2016-10-10 Thread Mark Walters

On Mon, 10 Oct 2016, Keith Amidon  wrote:
> I just upgraded to 0.23 and tried out the Fcc handling using notmuch-
> insert.  I think this is a significant improvement and I'm excited to
> use it.   I have it working successfully for my use case now, but it
> did require one workaround that I didn't expect and that seems somewhat
> fragile.
>
> The issue is that I'm synchronizing with Gmail and I'd like my sent
> mail to be synchronized too.  Therefore I have to insert into the
> directory Gmail expects, which is "[Gmail]/Sent Mail".  Notice the
> space in the directory name.
>
> I was able to make this work by setting notmuch-fcc-dirs to:
>
>    "\"[Gmail]/Sent Mail\" +sent -inbox -unread"
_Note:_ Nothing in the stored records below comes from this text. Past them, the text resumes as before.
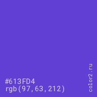 Цвет #613FD4 в цветовой модели RGB обозначается тремя октетами (97, 63, 212) в десятичном формате и #613FD4 в шестнадцатиричном (hex) формате, которые являются интенсивностью красного 97 (hex 61), интенсивность зелёного 63 (hex 3F) и интенсивность синего 212 (hex D4).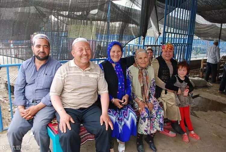 在和田的市场上遇到卖羊的一家人。维吾尔族人都很开朗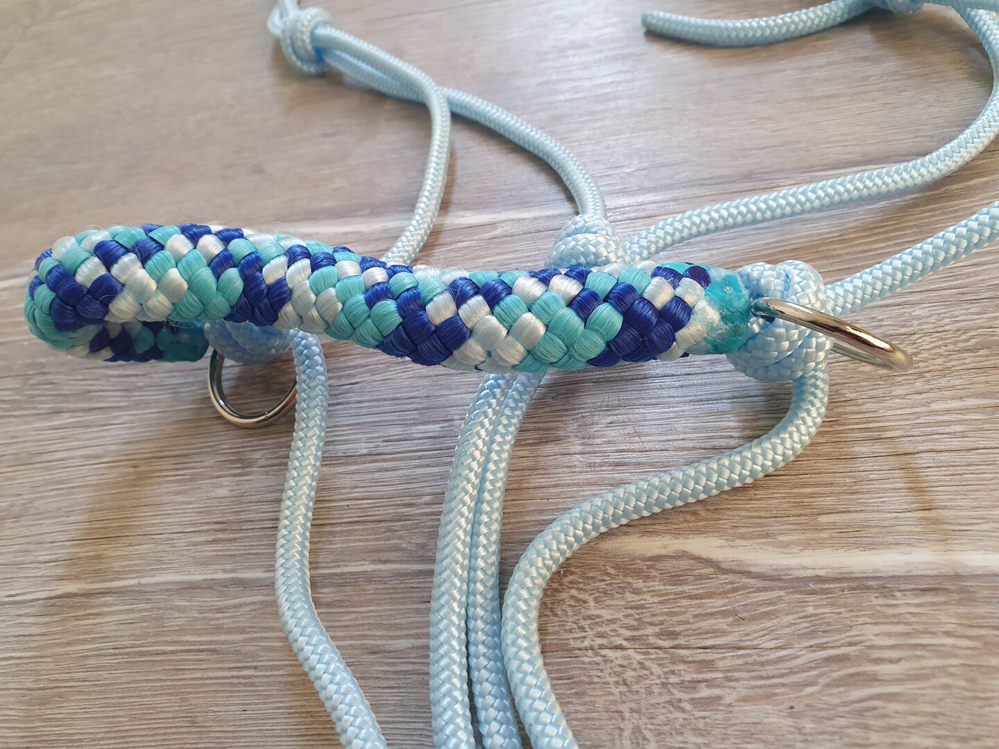 Knotenhalfter mit Zügeln und Arbeitsseil (Flechtplatz)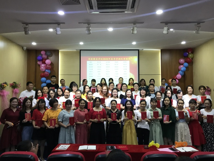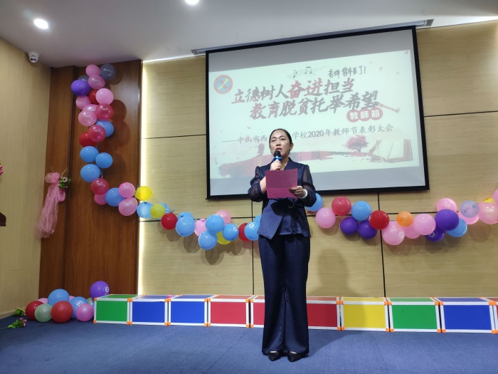 夜幕時(shí)分,華燈初上,聚星學(xué)校階梯室,處處洋溢著節(jié)日的氣氛。由七年級(jí)3班鐘欣怡同學(xué)和劉銦子老師主持的教師節(jié)表彰大會(huì)如期舉行。孩子們通過(guò)“演唱、詩(shī)歌朗誦、手語(yǔ)操表演、合唱”等形式,向老師們表達(dá)最真摯的謝意。路海云校長(zhǎng)致辭,對(duì)辛勤工作的老師表達(dá)了真誠(chéng)的問(wèn)候和深深的祝福,勉勵(lì)老師們做新時(shí)代的四有教師,繼續(xù)全力以赴,再創(chuàng)佳績(jī)。會(huì)上,對(duì)2019--2020學(xué)年聚星學(xué)校榮獲市區(qū)優(yōu)秀的先進(jìn)個(gè)人,聚星學(xué)校優(yōu)秀科組、優(yōu)秀教師、優(yōu)秀班主任進(jìn)行了表彰。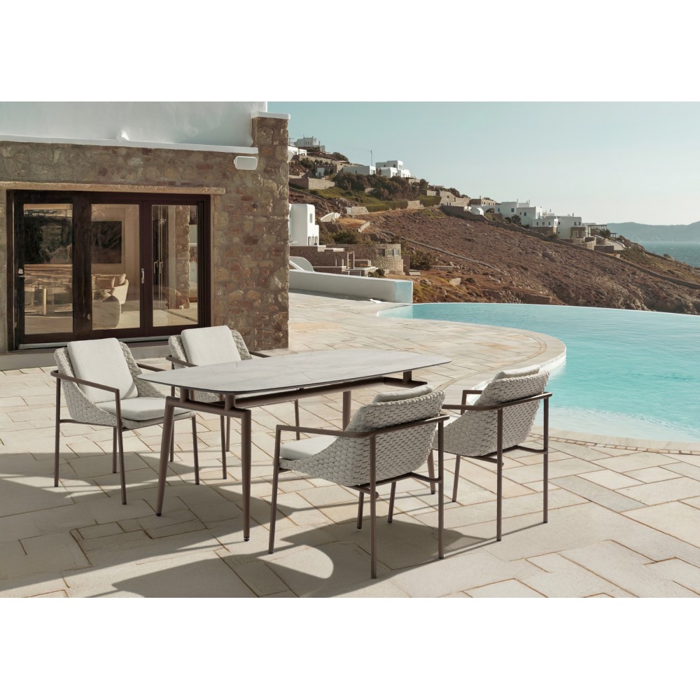 Вишукана конструкція у темному бронзовому відтінку, майстерно сплетений каркас, зручні сидіння та спинки, обтягнуті якісною тканиною, стійкою до будь-яких погодних умов. Ця колекція ідеально поєднує комфорт і стиль, властиві продукції Kolibry Outdoor.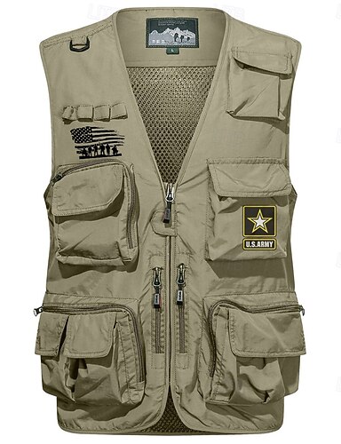 Per uomo Gilet Gilet da pesca All'aperto Quotidiano Moda Casual Primavera Autunno Cerniera Tasca Stampato Poliestere Confortevole Stella Numero Monopetto Un Bottone Collo alla coreana Vestibilit

That is correct and this should probably be documented.

> This works because the Fcc handling constructs a shell command to run
> by just appending the notmuch-fcc-dirs value to (in the simple case)
> "notmuch-insert --folder=", so the extra double quotes in my notmuch-
> fcc-dirs value quote things appropriately at the shell level.

I don't think this is correct. I think the fcc line gets split using
split-string-and-unquote and passes the arguments to notmuch insert
using call-process; I don't think it goes via shell.

> While this works, depending on passing through shell quoting seems very
> fragile.  Changes in the implementation could break this solution
> without it being obvious why.  It seems like it would be better if the
> notmuch-fcc-dirs value could be something like:
>
>     ("[Gmail]/Sent Mail" "+sent" "-inbox" "-unread")

This is possible. However, in the current form it is possible for the
user to edit the fcc header before sending, and that has to be a
string.

Now, we could do as you suggest, and use combine-and-quote-strings to
make the fcc header.

Note, it is going to make things pretty complex if we still want to
allow the folder to specified based on the from address.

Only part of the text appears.